▸ DATA EXCERPT
-- -- --

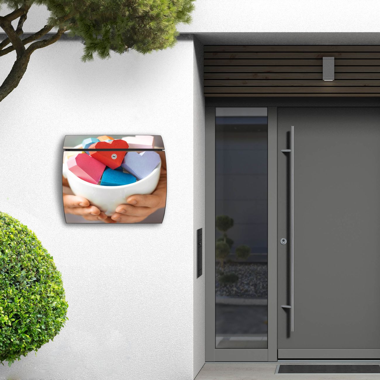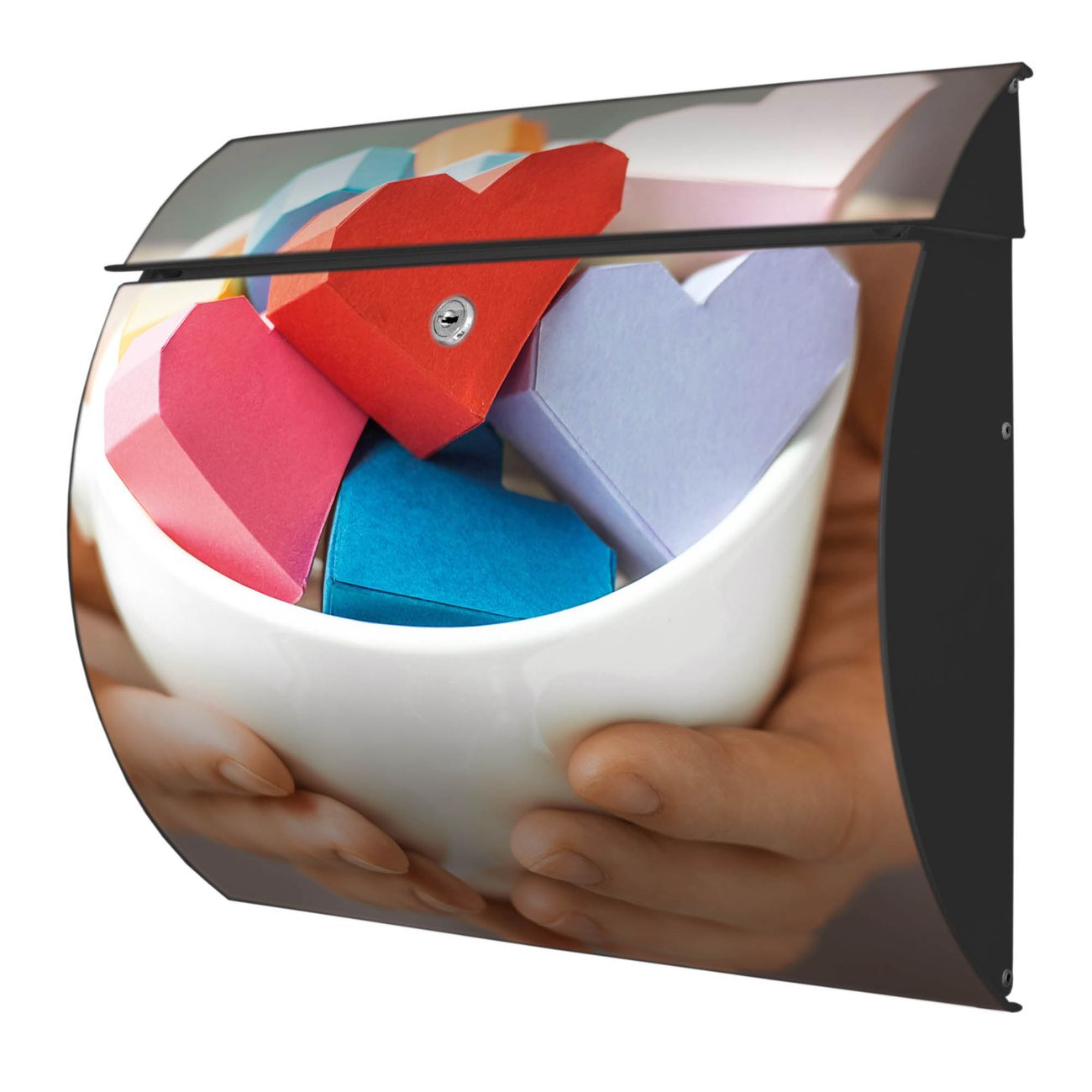 FUNKTION: DESIGN: Das Burg Wächter Modell Toscana mit Motiv Tasse voller Herzen hat ein sehr ansprechendes und zeitloses Design und ist besonderes wetterfest. Heben Sie Sich von der tristen grauen Masse ab, ohne auf Funktionalität zu verzichten. Wir bieten Ihnen ebenfalls Namensschilder, bereits beschriftet oder frei zu beschriften, und verschiedene selbst gestaltete Bitte-Keine-Werbung-Aufkleber. DETAILS: Der Postkasten besteht aus vollflächig verzinktem Stahl welcher in Anthrazit oder Weiß lackiert wurde oder aus Edelstahl (je nach gewählter Variante). Das Motiv besteht aus einer wetter- und UV-festen Folie, die mit einem Schutzlaminat überzogen ist, durch die Ihren Briefkasten zusätzlich vor Kratzern geschützt ist und auf den Briefkasten kaschiert wurde. Sie erhalten zu Ihrem neuen Design Briefkasten 2 Schlüssel sowie das passende Montagematerial. BANJADO: Ihr Briefkasten wird von Burg Wächter in Deutschland gefertigt und in unserer kleinen Manufaktur von Hand veredelt. Die Motivfolie ist lösungsmittelfrei und schutzlaminiert, dies sorgt für einen langen Halt. Wir legen großen Wert auf die Verbindung von Funktionalität und Design. Sie erhalten besondere Handarbeit aus Sachsen und Made in Germany.
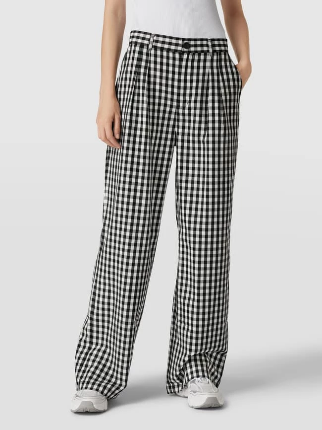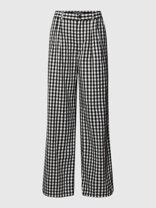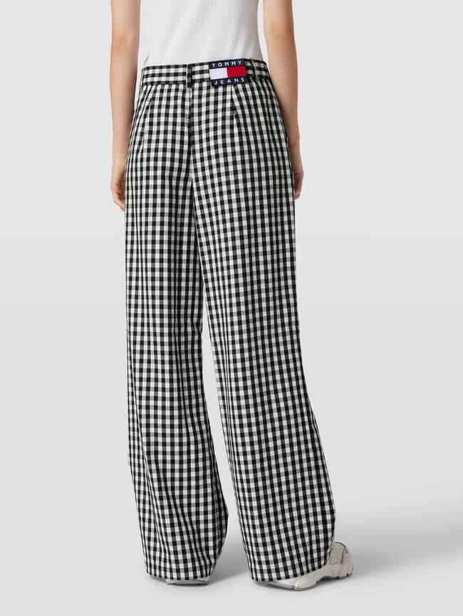 Die Hose von Tommy Jeans ist aus einem Material-Mix mit Viskose-Anteil gefertigt und weit geschnitten. Sie kommt mit Vichy-Karo sowie Knopf- und Reißverschluss.
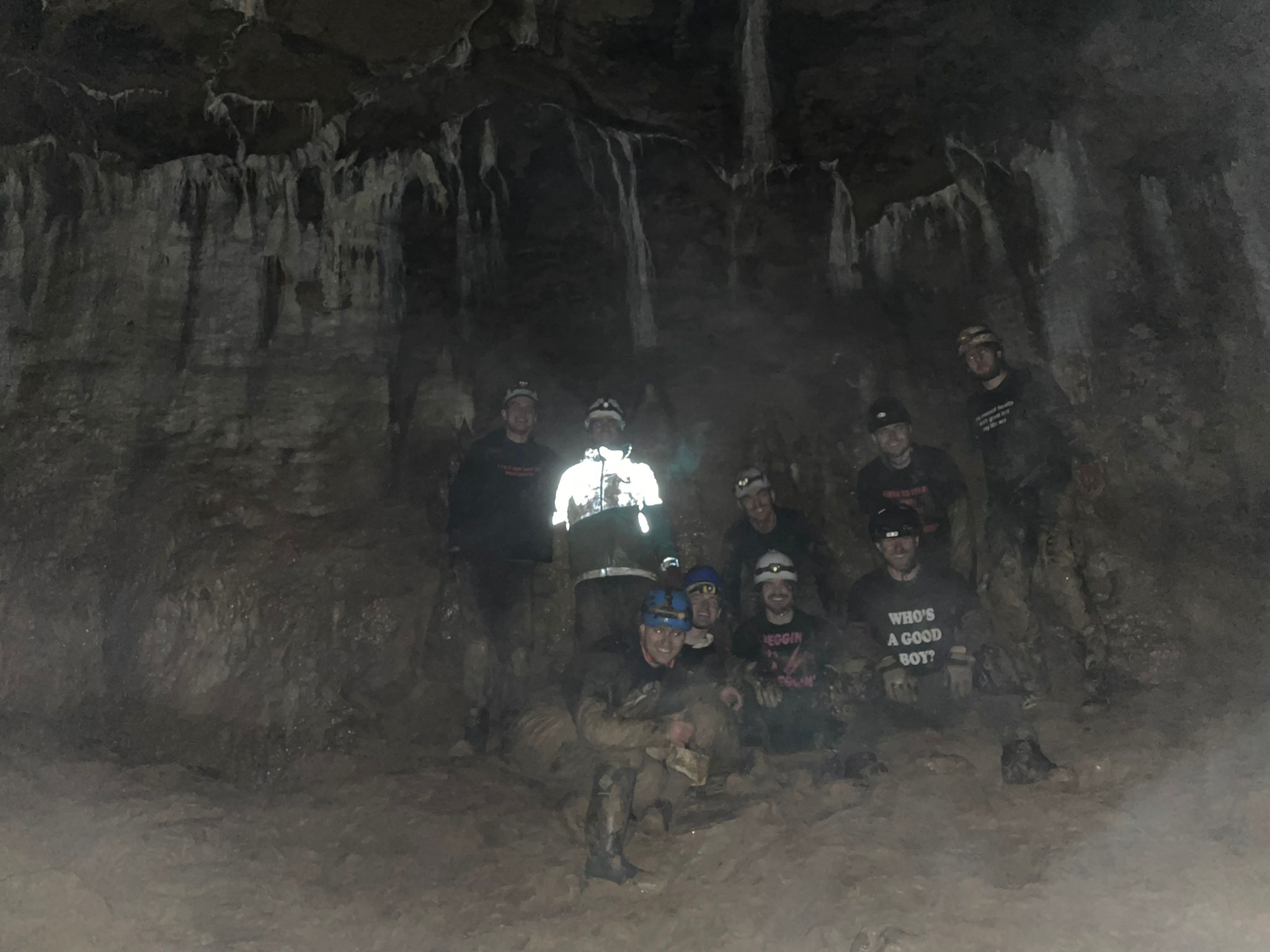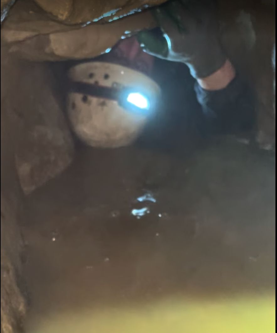 Eventually, we reached the first chamber, where several people immediately started shedding layers. From there, we moved into the main chamber and began descending the first boulder choke. The group handled the squeezes and scrambles well, and we soon arrived in Fox’s Chamber, one of the highlights of the cave which is (20x10x30m - by my best judgement)

-- -- --

▸ EXERCISE PROMPT
Print the data above verbatim from the first line through the line holding "Die Hose von", leaving every picture out.

▸ ANSWER BOX
 FUNKTION: DESIGN: Das Burg Wächter Modell Toscana mit Motiv Tasse voller Herzen hat ein sehr ansprechendes und zeitloses Design und ist besonderes wetterfest. Heben Sie Sich von der tristen grauen Masse ab, ohne auf Funktionalität zu verzichten. Wir bieten Ihnen ebenfalls Namensschilder, bereits beschriftet oder frei zu beschriften, und verschiedene selbst gestaltete Bitte-Keine-Werbung-Aufkleber. DETAILS: Der Postkasten besteht aus vollflächig verzinktem Stahl welcher in Anthrazit oder Weiß lackiert wurde oder aus Edelstahl (je nach gewählter Variante). Das Motiv besteht aus einer wetter- und UV-festen Folie, die mit einem Schutzlaminat überzogen ist, durch die Ihren Briefkasten zusätzlich vor Kratzern geschützt ist und auf den Briefkasten kaschiert wurde. Sie erhalten zu Ihrem neuen Design Briefkasten 2 Schlüssel sowie das passende Montagematerial. BANJADO: Ihr Briefkasten wird von Burg Wächter in Deutschland gefertigt und in unserer kleinen Manufaktur von Hand veredelt. Die Motivfolie ist lösungsmittelfrei und schutzlaminiert, dies sorgt für einen langen Halt. Wir legen großen Wert auf die Verbindung von Funktionalität und Design. Sie erhalten besondere Handarbeit aus Sachsen und Made in Germany.
 Die Hose von Tommy Jeans ist aus einem Material-Mix mit Viskose-Anteil gefertigt und weit geschnitten. Sie kommt mit Vichy-Karo sowie Knopf- und Reißverschluss.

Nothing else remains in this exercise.